A Lifelong Bromance with Books
Levar Burton started it all. I remember being in second grade when Reading Rainbow would come on. That theme song alone just made it so appealing to read; it made books sound like these amazing mystical things that would transport you to another dimension. I discovered dinosaurs through books, and how could any second grader resist dinosaurs? Later on Jerry Spinelli would really ignite my bromance with books with a book called Maniac Magee. But if any one person had the biggest influence on me, it was my dad. On weekends he would seen my sisters and I to the thrift store to find anything of value, and he always sent us to the book aisles to pick out what we wanted. I started my book collection with books by Michael Crichton, who gave us Jurassic Park – again with the dinosaurs!

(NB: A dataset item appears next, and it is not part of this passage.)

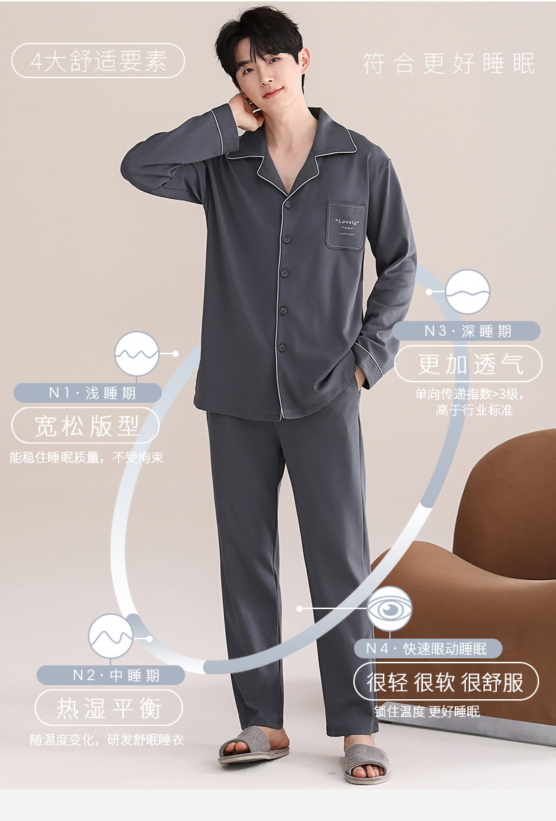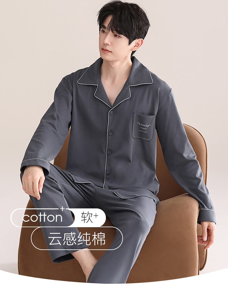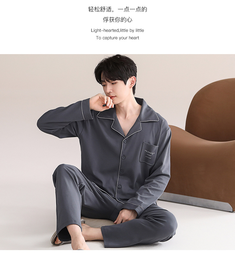 잠옷 남자의 봄과 가을면 긴 소매 홈 옷 남자의 가을 얇은 십대들은 캐주얼 세트 입을 수 있습니다스토어 가기

But from Crichton on I discovered better authors and books that I thought I would never read. John Grisham kept me company in 8th grade; later I discovered Stephen King and then I found that dead authors wrote some of the best books in the universe – my favorites being Cervantes, Dostoyevsky, and Tolstoy. I began going on these thrift store raids myself and wandered the aisles of the many used book stores in my city looking for everything that stood out to me. I can easily drop 5 bucks for a stack of books as tall as a five year old. You know how some people will wait for a movie to come out on DVD? I wait for books to come out on Salvation Army.
I’m 25 years old now and basically live in a library, books just occupying as much shelf space on my entire wall and spilling onto the floor in stacks. To think that there are people who have collected even more books than I have just astounds me. I don’t even think I will outlive the books that I’ve amassed throughout the years so I tend to be very picky about what I buy. I did the math – human beings on average have only hundreds of thousands of hours to live on this planet. I figure that to get my money’s worth from the things that I purchase, I better enjoy them as much as I possibly can. I don’t but a Playstation 3 because I have books in my room I haven’t even opened yet, DVDs I’ve only seen twice, music I’ve listened to once. While I do play video games, I’ll only play at a friend’s house or online when I don’t really feel like reading. But for me,actually investing in a gaming system would be pointless. Can you imagine the amount of time I would have to spend on a PS3, mastering all the video games available, to get my money’s worth? Now, maybe if I lived a couple hundred years I might gives video games a shot. I think people have to pick and choose their interests; mine were pretty much chosen a long time ago.